Field surveys conducted in southern Brazil recorded seven species of microhymenoptera parasitizing eggs of A. gemmatalis, of which five were of the genus Trichogramma Westwood (Hymenoptera: Trichogrammatidae): Trichogramma pretiosum Riley, Trichogramma atopovirilia Oatman & Platner, Trichogramma acacioi Brun, Moraes & Soares, Trichogramma lasallei Pinto, and Trichogramma rojasi Nagaraja & Nagarkatti (Polaszek & Foerster 1997, Foerster & Avanci 1999). In southern Brazil, these egg parasitoids are part of the local ecosystem and play an important role in the natural control of the velvetbean caterpillar, reaching levels of parasitism of up to 29% (Avanci et al 2005).
The effectiveness of parasitoids in the control of insect pests in biological control programs is dependent of several factors, but among the most important is their adaptation to the climatic conditions of the region where they will be released (DeBach 1965). Temperature is one of the most important environmental factors influencing various aspects of insect physiology, biology, and behavior (Ratte 1985); and the growth, survival, parasitism rate, and longevity of Trichogramma are strongly influenced by temperature (Ratte 1985, Reznik et al 2009).
In a previous study, Foerster & Foerster (2009) evaluated the effects of temperature on the development and emergence of five Trichogramma species collected in eggs of A. gemmatalis on soybean crops in southern Brazil. They estimated the parasitoids’ thermal requirements and found that the lower temperature threshold of subtropical populations were lower than those estimated from tropical populations, indicating the adaptation of subtropical species/lineages to cold conditions. These data suggest that other biological parameters may also vary in response to lower temperatures experienced in the subtropics as compared to those recorded in tropical regions.

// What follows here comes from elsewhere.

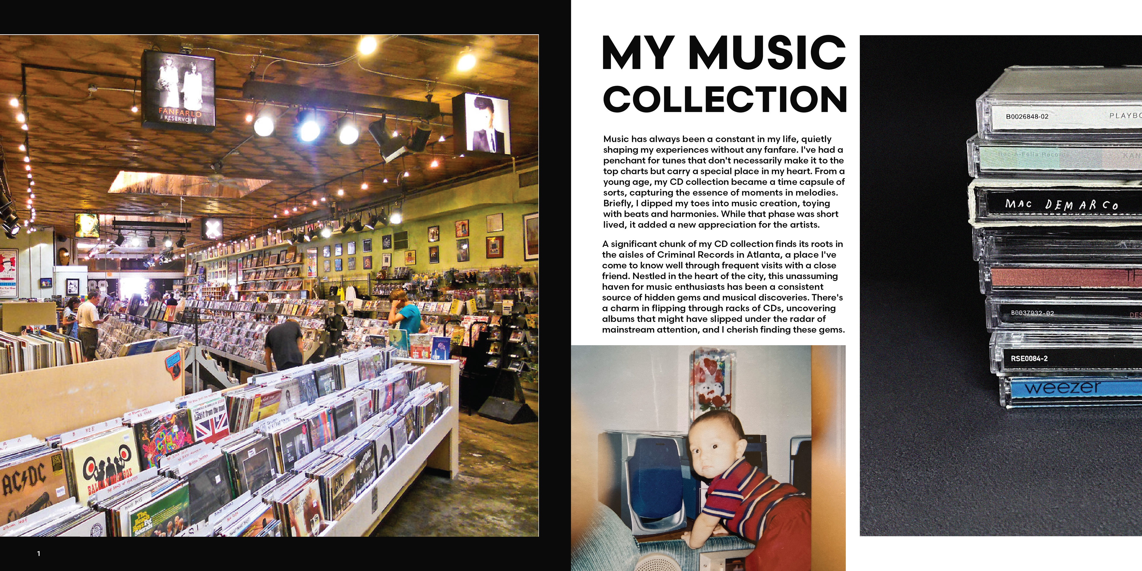 Melodies & Memories is a self-authored editorial project that explores a selection of CDs from my personal collection. Each entry pairs factual information about the album with a personal reflection, linking the music to memories, moods, and experiences that have shaped my connection to each disc. The goal was to transform a physical collection into a meaningful narrative experience.

Apart from the study of Foerster & Foerster (2009), little is known regarding the biology of the complex of Trichogramma species associated to the velvetbean caterpillar in southern Brazil. Except for T. pretiosum, none of the species had their fitness assessed on eggs of A. gemmatalis, and the influence of temperature on parasitism rate, age-specific survival, and longevity remains unclear, especially in the case of the poorly studied species T. lasallei and T. rojasi. Understanding the effects of temperature on these important life-history traits will facilitate the development of mass rearing procedures for inundative programs of biological control using Trichogramma (Prasad et al 2002, Maceda et al 2003), and contribute to the knowledge on the role of temperature on parasitoid population dynamics. We compared the effects of constant temperatures on the rate of parasitism, age-specific survival, progeny production, and longevity of the five species of Trichogramma associated with the velvetbean caterpillar in Brazil.
Material and Methods
Parasitoids origin and maintenance
Stock colonies of T. pretiosum, T. atopovirilia, T. acacioi, T. lasallei, and T. rojasi were established with parasitized eggs of A. gemmatalis collected on soybean crops in the counties of Lapa (25°46′11″S, 49°42′57″W) and Fazenda Rio Grande (25°39′27″S, 49°18′29″W), south-eastern of the state Paraná, Southern Brazil. Parasitoid-rearing procedure followed Foerster & Foerster (2009).
Temperature effects on parasitism of Trichogramma spp
The experiment was conducted under controlled conditions in climatic chambers regulated at 14, 18, 21, 26, and 30 ± 0.5°C; 70 ± 10% RH; and 12L:12D photoperiod. Adult parasitoids used in the experiment were reared since larval eclosion at the evaluated temperatures. For each temperature, ten pairs of each parasitoid species were individually kept in glass tubes (0.5 × 6 cm) immediately after emergence. Thirty eggs of A. gemmatalis were glued onto blue cardboard cards (0.5 × 4 cm) and offered for parasitization to each pair for 24 h. This procedure was repeated during three consecutive days, which is the period when most of the eggs are laid by the female wasps (Hansen & Jensen 2002). To compensate for the lower parasitism rate at 14 and 18°C, eggs were offered to parasitism every other day at these temperatures. Adult parasitoids were fed with droplets of pure honey deposited on the side of the glass tubes throughout the experiment.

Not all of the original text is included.